Keywords

1 Introduction

Prostate cancer is the most frequently diagnosed cancer in American men with 181,000 new cases in 2016 resulting in more than 26,000 deaths [10]. Early diagnosis has resulted in improved long term survival but depends on invasive multicore biopsies done under trans-rectal ultrasound (TRUS) imaging guidance. Recently, multi-parametric magnetic resonance imaging (MRI) has provided promising results as a non-invasive alternative for prostate cancer detection and classification [3].

Two specific tasks are required in the examination of multi-parametric MRI (mpMRI) images. First, cancer regions must be detected and second these suspicious areas must be classified as either benign or otherwise actionable, where biopsy is recommended for further tissue interrogation. This approach could potentially reduce the number of biopsies done overall. The comprehensive assessment of mpMRI, which may consist of 8 or more different volumetric datasets, can be tedious for daily clinical readings. Furthermore, subtle and collective signatures of cancerous lesions expressed within mpMRI are rather difficult to detect consistently even by experienced radiologists. This challenge is augmented in cases of small lesions. Another challenge is also characterizing these lesions and presenting the results as they relate to biopsy findings with Gleason Scores. There has been a number of attempts in providing an automatic solution to quantify these contrast changes and use them to detect and classify suspicious lesions. Chung et al. provides a good overview of the challenges [3]. The majority of proposed methods are based on various quantifiable image features, which are hypothesized to be important for the detection and classification tasks. For example, in [9], level set methods were used to segment the prostate and a set of features were acquired from multiple diffusion-weighted images (DWI). These features were then used in a stacked auto-encoder and finally, through a logistic regression method, classified into two classes of benign and malignant. The result was a 100% correct classification rate based on data from 53 patients. Also, in [3], a deep learning network comprised of stochastically realized receptive fields and ending in fully connected sequencing layers was proposed with a sensitivity of 64.00% and specificity of 82.48% on a dataset from 20 patients. We present a novel approach for prostate cancer classification based on image-to-image networks, inspired by [6]. In this work, multi-parametric images are directly entered to the network and no preprocessing step in terms of feature extraction is required. We evaluate the classification performance on multiple image-to-image architectures and image input channel variations on a 202 patient dataset.

2 Methods

We formulate the task as a multi-object segmentation problem. In this approach, the “segmentation” is in fact the response map. Unlike a binary segmentation, the fractional response peaks at the tumor location and follows a Gaussian distribution in the vicinity. Two independent response channels are considered to accommodate both benign and malignant lesions’ characteristics. This approach has multiple advantages. First, the spatial uncertainty of the marked lesion is inherently considered through the choice of the Gaussian standard deviation. Second, there is no specific need to determine a patch size to interrogate the neighborhood around the lesion. The implementation is a type of encoder-decoder architecture [2]. However, instead of an anticipated binary segmentation output, local maxima within an output response map suggest the tumors’ locations.

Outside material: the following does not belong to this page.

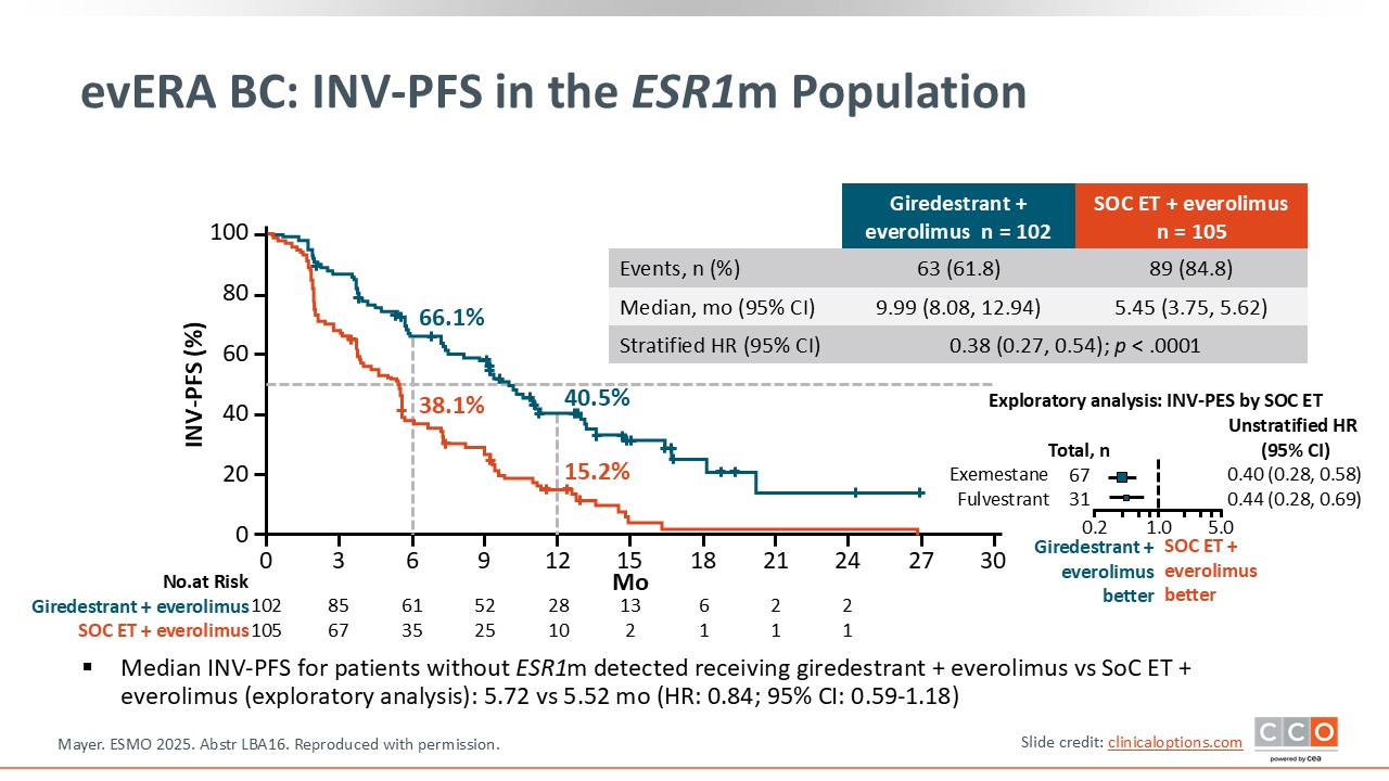 evERA BC: Investigator-Assessed PFS in the ESR1m Population

Additional analysis comparing the intensity of the response maps from different output channels (e.g., benign and malignant) at particular locations is done to further characterize the detected lesion. This architecture naturally allows multiple tumors and multiple classes of tumors to be detected and characterized within a series of multi-parametric input images. Depending on the availability of the ground-truth, one may simply add the tumor boundaries and even extend the approach to not only detect and characterize but also to segment as well. In the following, we make use of 2D, as opposed to 3D convolutional architectures, which have fewer parameters and allows for additional training data with superior results based on our experience.

2.1 Data Preparation

Data have been collected from patients with a suspicion of prostate cancer. Overall, we processed 202 multi-parametric prostate MRI (mpMRI) datasets from the ProstateX challenge database [7]. The patients were all imaged using 3T MRI scanners without an endo-rectal coil. The scan protocol included axial T2-weighted 2D turbo spin-echo images providing anatomical overview of the prostate and the zonal structure. Furthermore, diffusion weighted imaging (DWI), depicting water molecule diffusion variations due to the microscopic changes in tissue structures, was included. DWI is created using different diffusion-weightings (b-values) that depict tissue with increased cellularity and thus restricted diffusion. The apparent diffusion coefficient (ADC) is derived using the signal intensity changes of at least two b-values and provides a quantitative map demonstrating the degree of water molecule diffusion. It is believed that tumors have restricted levels of diffusion and hence appear hypo intensive within the ADC map. Finally, a calculated b-value image at b = 1400 mm\(^2\)/s was extrapolated. Additionally, the data includes dynamic contrast-enhanced (DCE) images. These images consist of a series of T1-weighted acquisitions taken during intravenous gadolinium-based contrast agent injection. It is known that the prostate cancer tissue often induces some level of angiogenesis, which is followed by an increased vascular permeability as compared to normal prostatic tissue. Pharmacokinetic modelling was applied to the DCE-MRI series in order to estimate the K-trans parameter of the Tofts model as an indicator of tissue permeability [12].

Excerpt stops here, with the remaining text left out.